O candidato do PSB, ex-governador Anthony Garotinho é, de fato, um mestre na arte do ilusionismo. Depois de anunciar uma auditoria inexistente e tentar aprovar sua própria aposentadoria para recuar ante a repercussão negativa, agora disse à Justiça que nunca, jamais em tempo algum, insinuou que o deputado Márcio Fortes enviara a ele um emissário com um dossiê contra Roseana Sarney.

Interpelado pelo tucano, Garotinho, ainda no cargo, enviou ofício ao Superior Tribunal de Justiça declarando-se impossibilitado de se manifestar a respeito da notificação.

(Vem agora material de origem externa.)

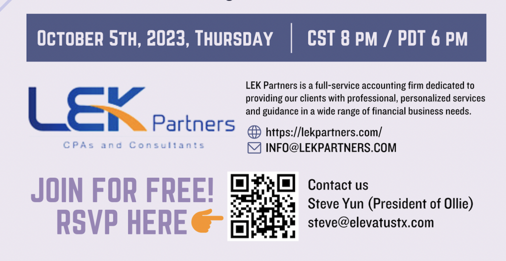 온라인 세미나에 참석을 원하는 사람은 올리의 스티브 윤 회장에게 연락하면 된다. (Steve@elevatustx.com)

E fornece o motivo: ''É que, lamentavelmente, o petitório do parlamentar se refere a declarações atribuídas, por jornalistas, a assessores não identificados e a outras pessoas, não havendo, sequer, alusão alguma a Sua Excelência nas afirmações irrogada ao governador do Rio de Janeiro.''

Ou seja, na versão de Garotinho, ele não só nunca fez as acusações, nem mesmo insinuações, como se diz absolutamente alheio a um assunto no qual se empenhou pessoalmente, até mesmo com telefonema direto ao pai de Roseana, senador José Sarney.

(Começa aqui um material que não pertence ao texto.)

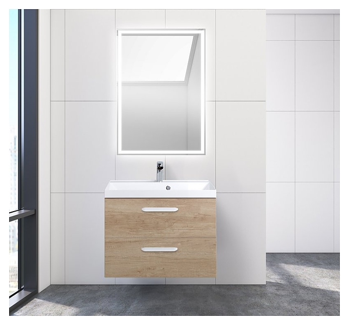 Тумба с раковиной BelBagno AURORA-700-2C-SO-RNN + BB700/450-LV-MR-AST + 8.1135.192160.0270OP дуб небраска натуральный, ручки белые матовые

Pois, agora, Márcio Fortes irá à Justiça comum - dado que Garotinho não tem mais foro privilegiado - com uma ação na qual pedirá prova testemunhal. Para isso, já está preparando lista de pessoas - entre elas alguns jornalistas - que teriam ouvido do então governador a referência explícita ao deputado como ofertante do dossiê.

Erro de obra

Não foram apenas os projetistas do Elevado Paulo de Frontin e do Pavilhão da Gameleira que erraram os cálculos e viram suas obras desabarem. Houve erro também no texto publicado ontem aqui, comparando o infortúnio daqueles profissionais às escorregadelas políticas de outro calculista irretocável, Jorge Bornhausen.

A nota referia-se ao pavilhão de exposições que estava em construção em Belo Horizonte quando desabou, como ''Estádio da Gameleira''. E já que é para esclarecer, vamos ao serviço completo: a tragédia aconteceu em 4 de fevereiro de 1971, soterrou 126 operários, matando 64 e deixando 62 feridos e mutilados.